*** Source material ***
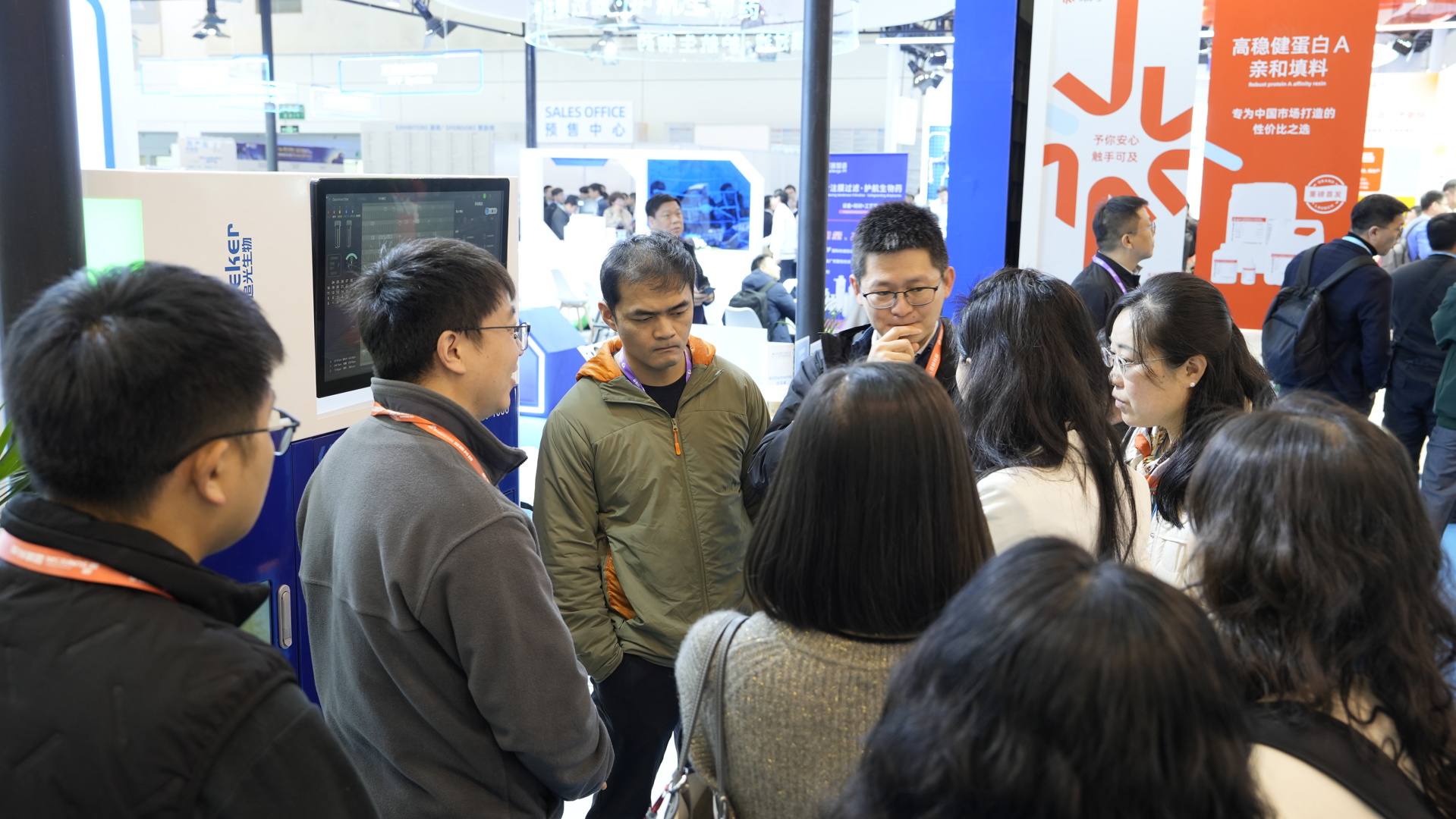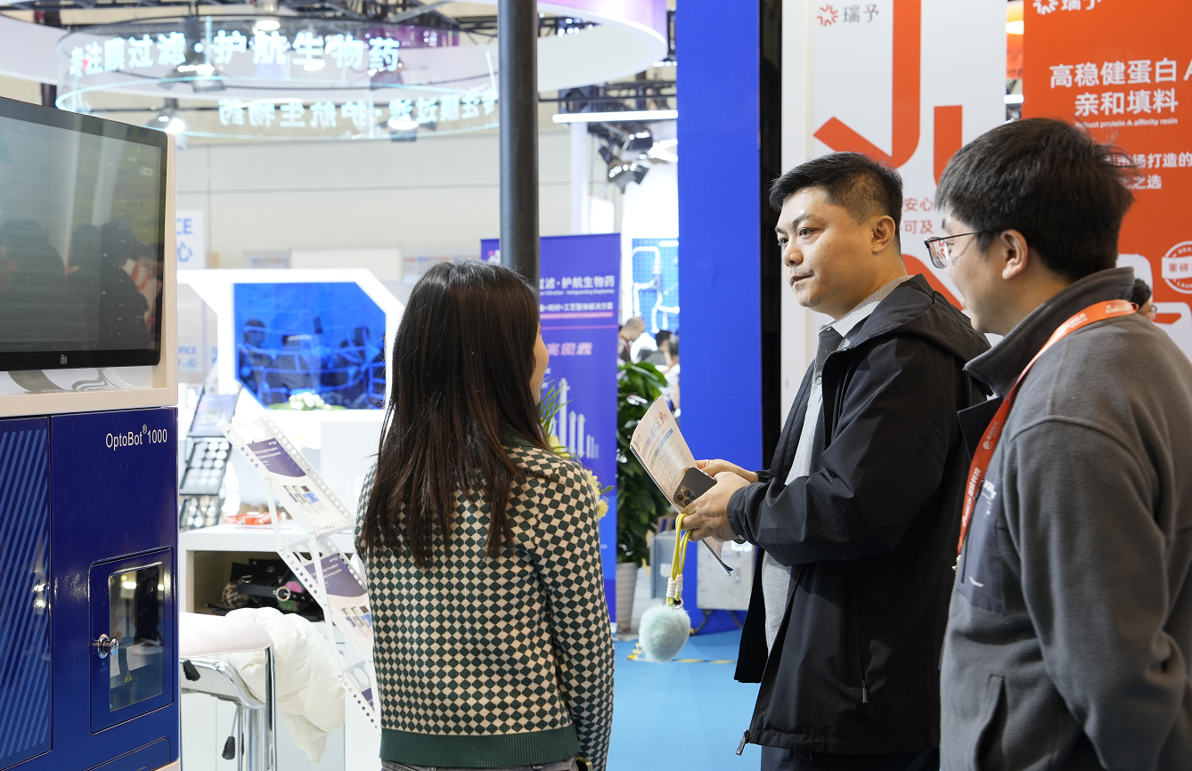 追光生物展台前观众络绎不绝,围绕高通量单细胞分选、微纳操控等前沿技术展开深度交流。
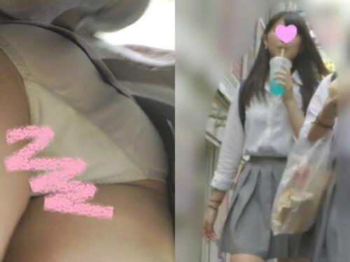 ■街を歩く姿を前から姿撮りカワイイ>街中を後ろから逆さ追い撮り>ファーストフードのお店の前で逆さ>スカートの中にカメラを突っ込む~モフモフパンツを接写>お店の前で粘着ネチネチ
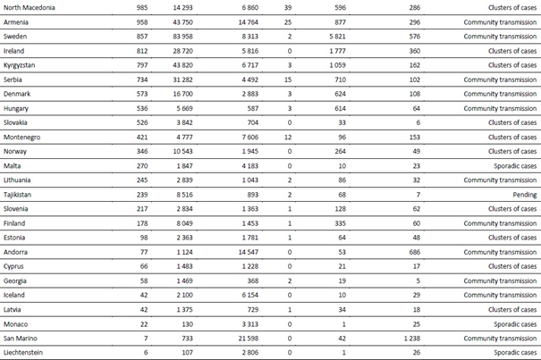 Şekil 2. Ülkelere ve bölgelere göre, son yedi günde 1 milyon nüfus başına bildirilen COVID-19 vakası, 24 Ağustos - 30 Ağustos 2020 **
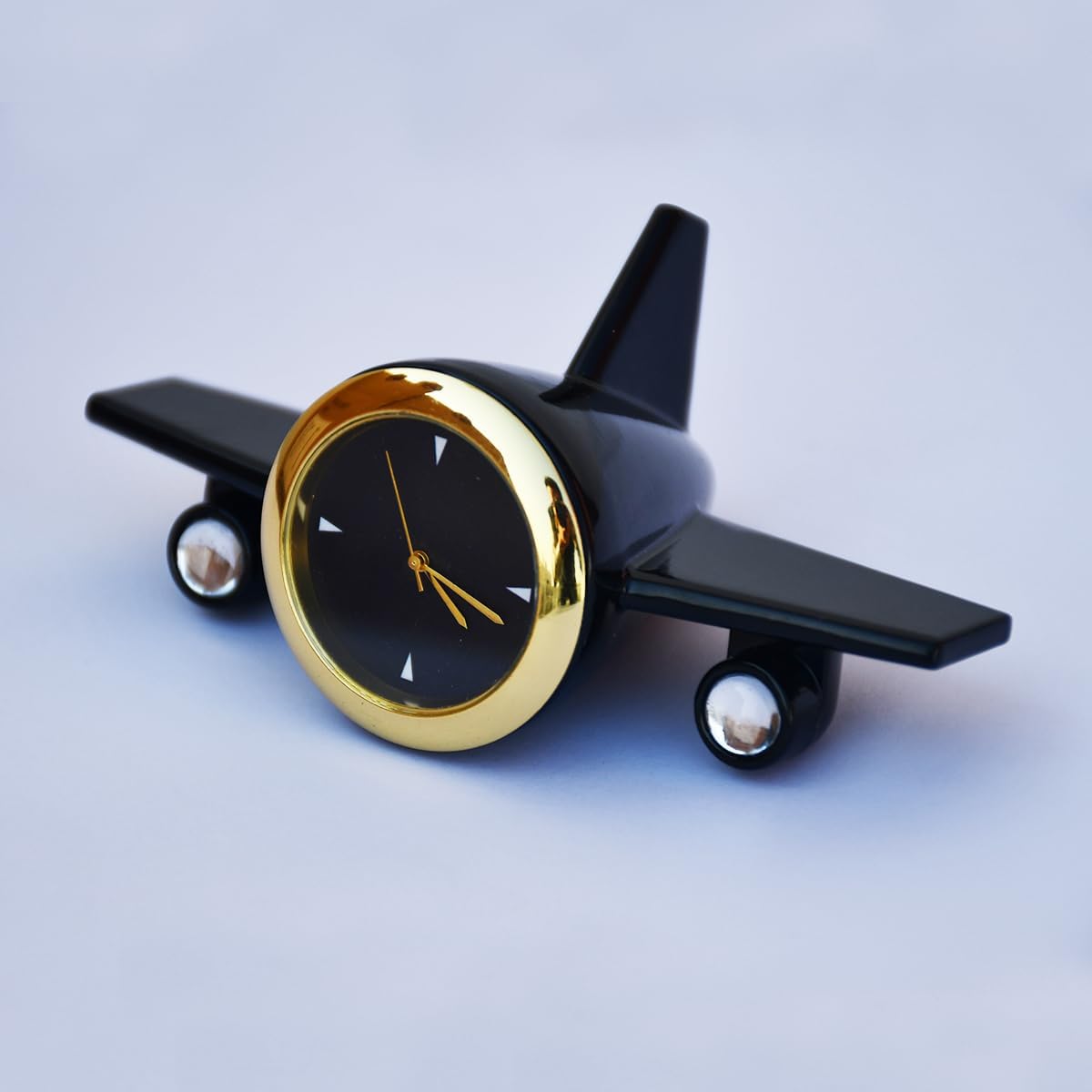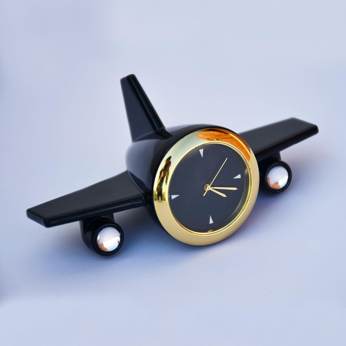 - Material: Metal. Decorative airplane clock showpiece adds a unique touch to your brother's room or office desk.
*** End of Source material ***
*** Source material ***
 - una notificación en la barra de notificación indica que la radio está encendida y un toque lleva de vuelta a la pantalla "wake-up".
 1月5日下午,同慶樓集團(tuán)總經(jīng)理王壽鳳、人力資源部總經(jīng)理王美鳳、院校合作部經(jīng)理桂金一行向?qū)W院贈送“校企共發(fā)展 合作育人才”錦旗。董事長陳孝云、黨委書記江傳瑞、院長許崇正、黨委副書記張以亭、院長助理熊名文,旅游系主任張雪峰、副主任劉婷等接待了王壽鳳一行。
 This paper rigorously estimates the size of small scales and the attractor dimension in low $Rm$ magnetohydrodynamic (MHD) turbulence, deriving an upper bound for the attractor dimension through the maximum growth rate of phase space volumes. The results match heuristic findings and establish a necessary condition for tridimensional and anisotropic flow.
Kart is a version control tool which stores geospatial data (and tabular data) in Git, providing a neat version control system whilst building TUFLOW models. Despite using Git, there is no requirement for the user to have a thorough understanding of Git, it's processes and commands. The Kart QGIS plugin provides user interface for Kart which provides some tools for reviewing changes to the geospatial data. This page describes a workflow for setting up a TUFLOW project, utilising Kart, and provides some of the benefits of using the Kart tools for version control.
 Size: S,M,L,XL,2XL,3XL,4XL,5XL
*** End of Source material ***
*** Source material ***
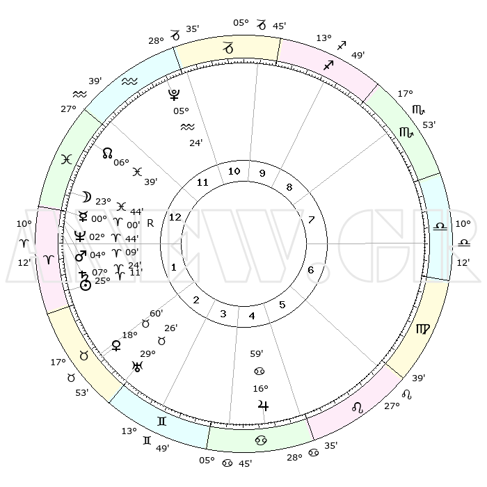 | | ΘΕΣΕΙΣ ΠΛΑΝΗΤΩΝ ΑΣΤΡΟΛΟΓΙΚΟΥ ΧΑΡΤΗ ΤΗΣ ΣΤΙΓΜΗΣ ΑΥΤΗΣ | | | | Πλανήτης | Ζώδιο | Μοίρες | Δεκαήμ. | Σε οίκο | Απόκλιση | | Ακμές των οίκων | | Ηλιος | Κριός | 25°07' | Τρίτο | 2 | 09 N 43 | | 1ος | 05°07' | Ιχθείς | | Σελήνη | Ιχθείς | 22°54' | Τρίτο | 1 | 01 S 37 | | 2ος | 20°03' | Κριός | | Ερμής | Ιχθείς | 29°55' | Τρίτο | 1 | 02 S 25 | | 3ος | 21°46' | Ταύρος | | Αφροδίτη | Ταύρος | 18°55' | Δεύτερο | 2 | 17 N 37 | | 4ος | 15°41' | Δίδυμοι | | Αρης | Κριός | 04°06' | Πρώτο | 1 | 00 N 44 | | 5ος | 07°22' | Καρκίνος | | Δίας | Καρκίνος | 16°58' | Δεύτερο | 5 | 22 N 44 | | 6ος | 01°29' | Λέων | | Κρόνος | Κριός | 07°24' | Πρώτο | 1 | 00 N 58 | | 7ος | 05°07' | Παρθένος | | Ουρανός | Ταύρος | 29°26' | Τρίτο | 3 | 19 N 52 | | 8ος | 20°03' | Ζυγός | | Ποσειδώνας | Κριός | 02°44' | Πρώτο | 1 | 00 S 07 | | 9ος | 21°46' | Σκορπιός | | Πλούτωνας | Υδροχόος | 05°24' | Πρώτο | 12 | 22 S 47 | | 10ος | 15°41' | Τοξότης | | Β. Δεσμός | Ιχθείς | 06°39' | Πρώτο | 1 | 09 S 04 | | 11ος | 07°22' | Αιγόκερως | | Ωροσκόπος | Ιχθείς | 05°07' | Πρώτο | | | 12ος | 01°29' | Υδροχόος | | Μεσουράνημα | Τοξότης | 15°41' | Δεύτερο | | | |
*** End of Source material ***
> The problem: Within the data above, repeat exactly the lines from the one bearing "追光生物展台前观众络绎不绝,围绕高通量单" through the one bearing "- Material: Metal.". Include no pictures and nothing else.

> Result:
 追光生物展台前观众络绎不绝,围绕高通量单细胞分选、微纳操控等前沿技术展开深度交流。
 ■街を歩く姿を前から姿撮りカワイイ>街中を後ろから逆さ追い撮り>ファーストフードのお店の前で逆さ>スカートの中にカメラを突っ込む~モフモフパンツを接写>お店の前で粘着ネチネチ
 Şekil 2. Ülkelere ve bölgelere göre, son yedi günde 1 milyon nüfus başına bildirilen COVID-19 vakası, 24 Ağustos - 30 Ağustos 2020 **
 - Material: Metal. Decorative airplane clock showpiece adds a unique touch to your brother's room or office desk.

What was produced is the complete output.